Безопасный WebAPI с JWT
Я пытаюсь написать мобильное приложение, которое будет получать данные с сайта на основе WebAPI rest.
сайт должен быть защищен через ACS (так как может быть несколько поставщиков удостоверений).
мое мобильное приложение в настоящее время запрашивает следующий url https://xx.accesscontrol.windows.net/v2/metadata/IdentityProviders.js?protocol=javascriptnotify&realm=http://xx.azurewebsites.net/&version=1.0 чтобы получить список IPs.
затем я разрешаю пользователю выберите IP, а затем с помощью элемента управления веб-браузера я покажу им логин.
Как только пользователь вошел в систему, я фиксирую ответ и извлекаю токен, но теперь я не совсем уверен, что я должен делать.
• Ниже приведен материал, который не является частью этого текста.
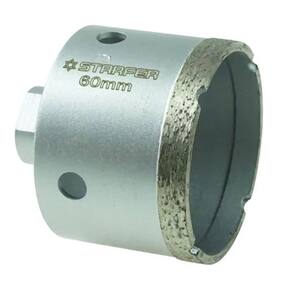 Especificações Técnicas: Tipo: Serra copo contínua diamantada Diâmetro: 60 mm Material do corpo: Aço carbono Tipo de lâmina: Contínua diamantada Rosca: M14 Compatibilidade: Esmerilhadeira (ou furadeira com adaptador Starfer) Embalagem: Blister duplo Marca: Starfer Ref.: 13006679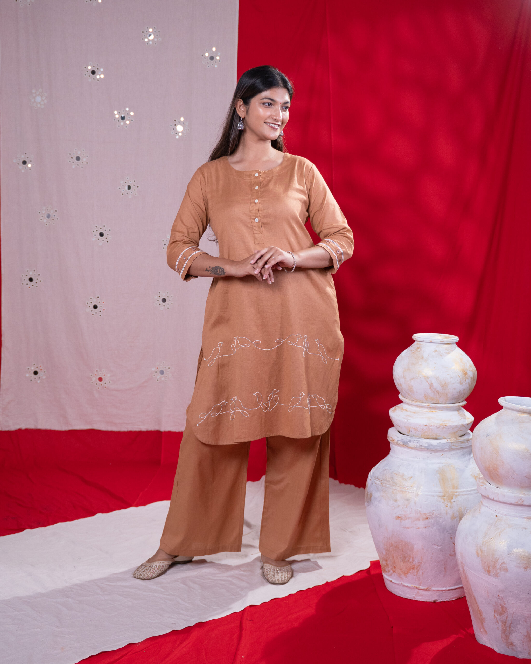 - Round Neck with Hand Embroidery and Button Detail on Front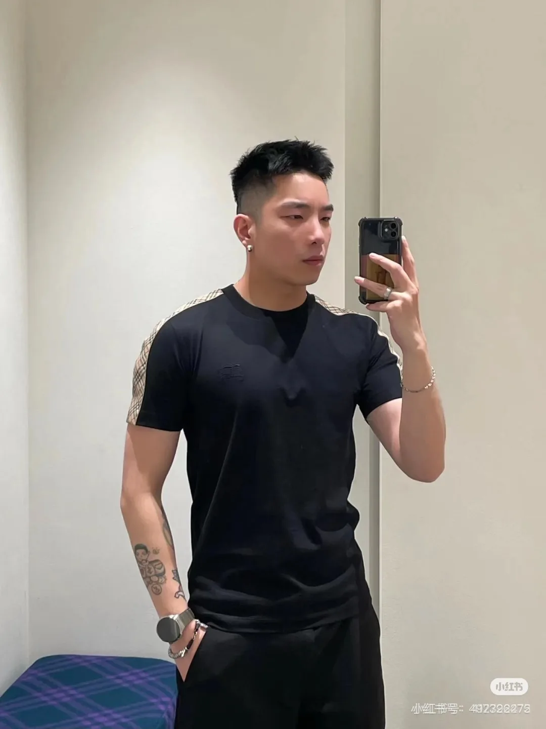 Hochwertige Burberry Kurzarm-Kollektion aus schwarzer Baumwolle mit Stickerei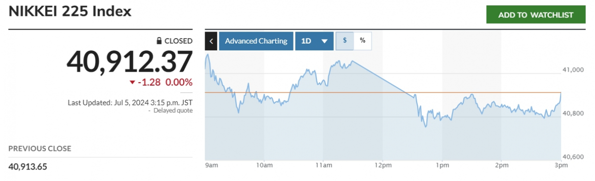 이날 마켓워치와 배런스 등에 따르면 일본 닛케이225 지수는 전 거래일 대비 1.28포인트 내린 4만0912.37로 마감했다. 변동률은 0.00%에 그쳤다.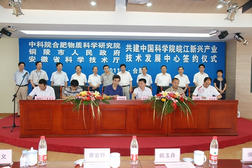 7月15日,合肥研究院、铜陵市政府、安徽省科技厅共建中科院皖江新兴产业技术发展中心签约仪式在科学岛举行。

Маркер выглядит так:-
{"appliesTo":"http://****.azurewebsites.net/",
"context":null,
"created":1362069383,
"expires":1362072983,
"securityToken":"... a lot of text:-)",
"tokenType":"urn:ietf:params:oauth:token-type:jwt"}
Итак, я предполагаю, что я должен взять часть securityToken и добавить ее часть заголовка авторизации в запрос get?
Вопрос 1-Как я должен прикрепить токен - я просто прикрепляю бит маркера безопасности или должен ли я кодировать лот на базе 64 и снова присоединять его в качестве заголовка авторизации?
Вопрос 2 Как настроить webapi для обработки JWT? После того, как я изменил ACS для выдачи токенов JWT, и я установил JWTSecurityTokenHandler, я все еще получаю следующую ошибку (это с пассивной аутентификацией):
JWT10310: Unable to validate signature. validationParameters.SigningTokenResolver type: 'System.IdentityModel.Tokens.IssuerTokenResolver', was unable to resolve key to a token.
The SecurityKeyIdentifier is:
'SecurityKeyIdentifier
(
IsReadOnly = False,
Count = 1,
Clause[0] = X509ThumbprintKeyIdentifierClause(Hash = 0x2FEE3EE96B019D4BA0C046124B77C652EEF768E5)
)
'. validationParameters.SigningToken was null.
спасибо
Росс
1 ответов
хотя вы не используете библиотеку проверки подлинности Azure,этот пример кода AAL полезен в показе, как использовать новый обработчик токенов JWT для проверки подлинности запросов к веб-API с помощью обработчика HTTP-сообщений в конвейере запросов. Код явно обрабатывает JWTs, выданные ACS. В частности, посмотрите на TokenValidationHandler
класс Global.asax.cs
. Поток идет так:
- входящий запрос от клиентского приложения проверены сообщение обработчик.
- заголовок Authorization проверена с помощью JWTTokenHandler.
- если токен JWT допустим, jwttokenhandler создает экземпляр нового объекта ClaimsPrincipal. Если маркер недействителен, возвращается неавторизованный ответ HTTP 401.
возвращаясь к вашему первому вопросу, нужно просто "securityToken"
значение (что-то вроде eyJ0eXAiOiJK...
), чтобы сделать заголовок Authorization Authorization: Bearer eyJ0eXAiOiJK...
. Когда это передается в запросе к вашему веб-API, JWTTokenHandler проверит его через обработчик сообщений. Конечно, это предполагает, что ваш веб-API был настроен правильно, чтобы знать о клиенте ACS и домене безопасности, который вы использовали для получения маркера от ACS в первую очередь.
Edit: взгляните на шаблоны и рекомендации по обеспечению безопасности служб REST и доступ к ним из мобильного приложения - очень похожий сценарий, который может помочь дать вам больше контекста.